June 1, 2012ESOL, , ,

I’ve recently been re-reading the feedback from my CELTA courses and have been struck by the overwhelmingly positive response to the VLE. Other comments on technology (eg Active Inspire, the blog) had mixed responses, but when commented on the VLE was reported to be a valuable resource – whether this was for the 24/7 access, course materials available in one place or ease of submitting assignments. One comment related to the short learning curve they had in order to use the VLE.

This has been the third year that we’ve now been using Moodle to support our part time CELTA course. I certainly value the VLE for many of the reasons the students do (sharing course resources which are either directly linked to a specific session or direct them to wider resources), having assignments in one place (no lugging paper submissions around), 24/7 access (I can check current resources and replace/add to anytime) but I can’t agree that it’s been a short learning curve in developing this resource.

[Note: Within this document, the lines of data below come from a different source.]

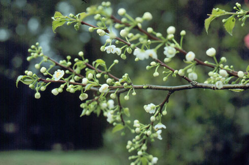 | 性狀描述 | 落葉性灌木,分枝甚多,小枝光滑無毛;葉薄紙質,卵形,鋸齒緣;春季開小白花,數朵簇生,開於葉腋,花梗纖細,基部有苞;萼片4-5裂,花瓣4-5枚;雄蕊與花瓣同數,柱頭圓形(無花柱);核果橢圓形,具有縱稜。 |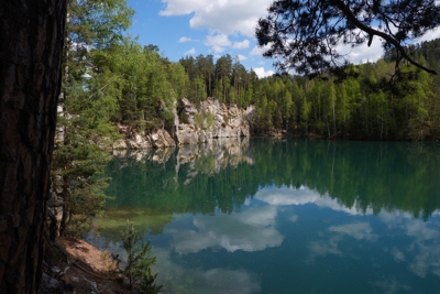 Jezioro Pískovna to sztuczny zbiornik po dawnej piaskowni tuż przy wejściu do Skalnego Miasta w Adršpachu. Wokół jeziora jest szlak o długości około 1,5 km, oznaczony kolorem niebieskim. Po drodze jest kilka miejsc odpoczynku i punktów, z których można zobaczyć spokojną taflę jeziora i pływające w nim ryby sporych rozmiarów, fot. 01.05.2025, SNW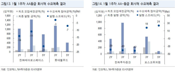 실제로 연초 진행된 한화에어로스페이스, 롯데웰푸드, 한화투자증권 등 우량 발행물들의 경우 모집액을 웃도는 주문을 받으며 민평금리를 하회하는 수준에서 발행됐다. 다만, 화학·이차전지 등 최근 업황이 부진한 포스코퓨처엠은 민평금리보다 20bp 가량 높게 형성되며 발행이 이뤄졌다.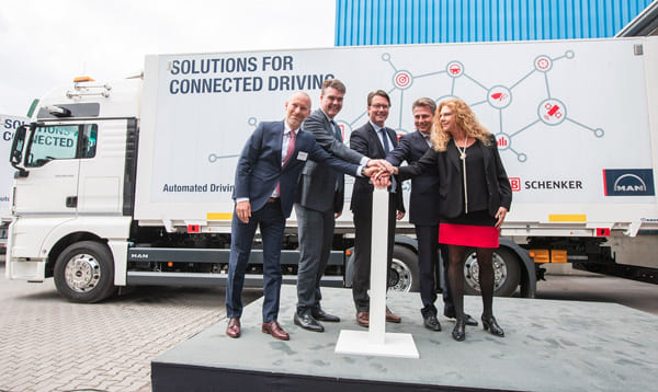 ドイツでは、DBシェンカーが独連邦政府から2.5億円の資金提供を受けてフォルクスワーゲン傘下の自動車・機械メーカー「MAN(エム・アー・エヌ)トラック&バス」や教育機関と連携し、デジタル技術で接続されたトラックの隊列走行を実施した。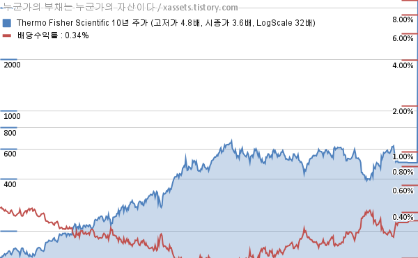 써모피셔 사이언티픽 배당수익률 및 주가 상승률 차트 (2016년~2026년)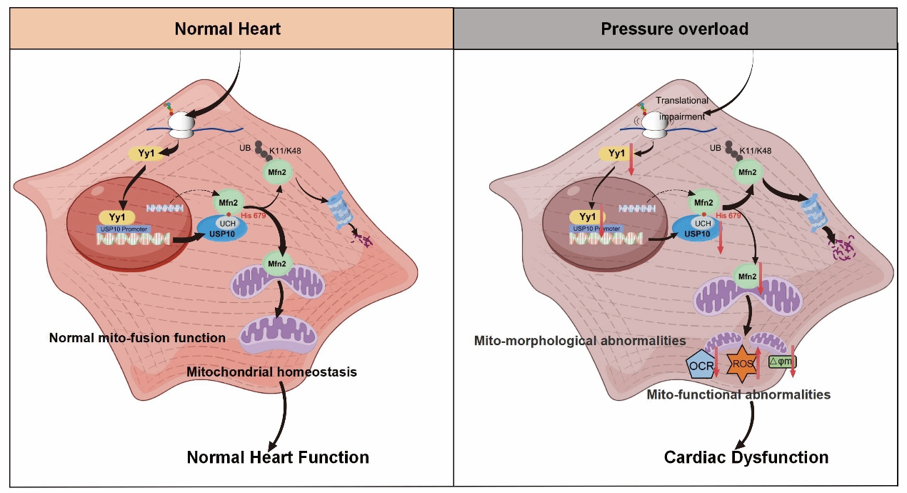 心力衰竭是全球心血管疾病死亡的主要原因之一,而病理性心肌肥厚是其重要病理基础。越来越多的证据表明,线粒体形态和功能缺陷在心肌肥厚向心力衰竭的转变中起关键作用。然而,线粒体形态功能缺陷的调控机制尚未完全阐明。研究团队发现去泛素化酶USP10在病理性心肌肥厚向心衰转变过程中显著下调,且与心衰标志物BNP水平呈负相关,恢复USP10表达减少线粒体碎片化,改善线粒体和心脏功能。进一步的机制研究发现,USP10可结合细胞质中的Mfn2,通过其679位组氨酸介导的去泛素化作用,去除Mfn2的K11/K48泛素链,抑制其被蛋白酶体降解,增强Mfn2稳定性,促进其向线粒体的转运,从而维持线粒体的形态与功能。本研究首次揭示了USP10在增强线粒体蛋白Mfn2稳定性中的调控机制,该过程发生在Mfn2转运到线粒体之前,表明USP10可能作为保护线粒体功能和预防病理性心肌肥厚的新靶点。

Having been working with some HE tutors this year in developing their VLE courses I’ve been struck by the fact that it is not just developing the tech skills (ie, how to upload a document, or create a link) but also the broader idea of structuring a VLE course. A three-year course, with 5 or 6 modules for each year takes some organising. A VLE page for each module seems excessive and takes away from the ‘all course info in one page’ aspect. A VLE page for each year seems simpler, but then how to structure all the module information?

With three years experience of developing my own VLE course I am feeling overwhelmed by the enormity of the task.

With this in mind I’ve been thinking of a couple of things. Firstly, that the college should be providing guidelines for tutors in structuring their courses. Even better, instead of offering all tutors a ‘blank course’ different templates could be developed, for which tutors just need to drop their specific information into. Secondly, I’ve been thinking about the added workload that developing a VLE aspect to a face to face course creates.  When discussing coaching models with the T&L Manager recently, one case study was a tutor who spent a lot of time with her students and this was impacting on their work. In this case, spending face to face time with students was considered excessive and something that the tutor needed coaching support to address. However, there is a huge expectation that tutors spend their time creating additional virtual learning opportunities for their students, and staff development sessions are prioritised to stress the importance of this. Virtual support – good. Face to face support – bad.

When does a face to face course become a blended learning course? How does this impact on the all important guided learning hours and teachers base loads?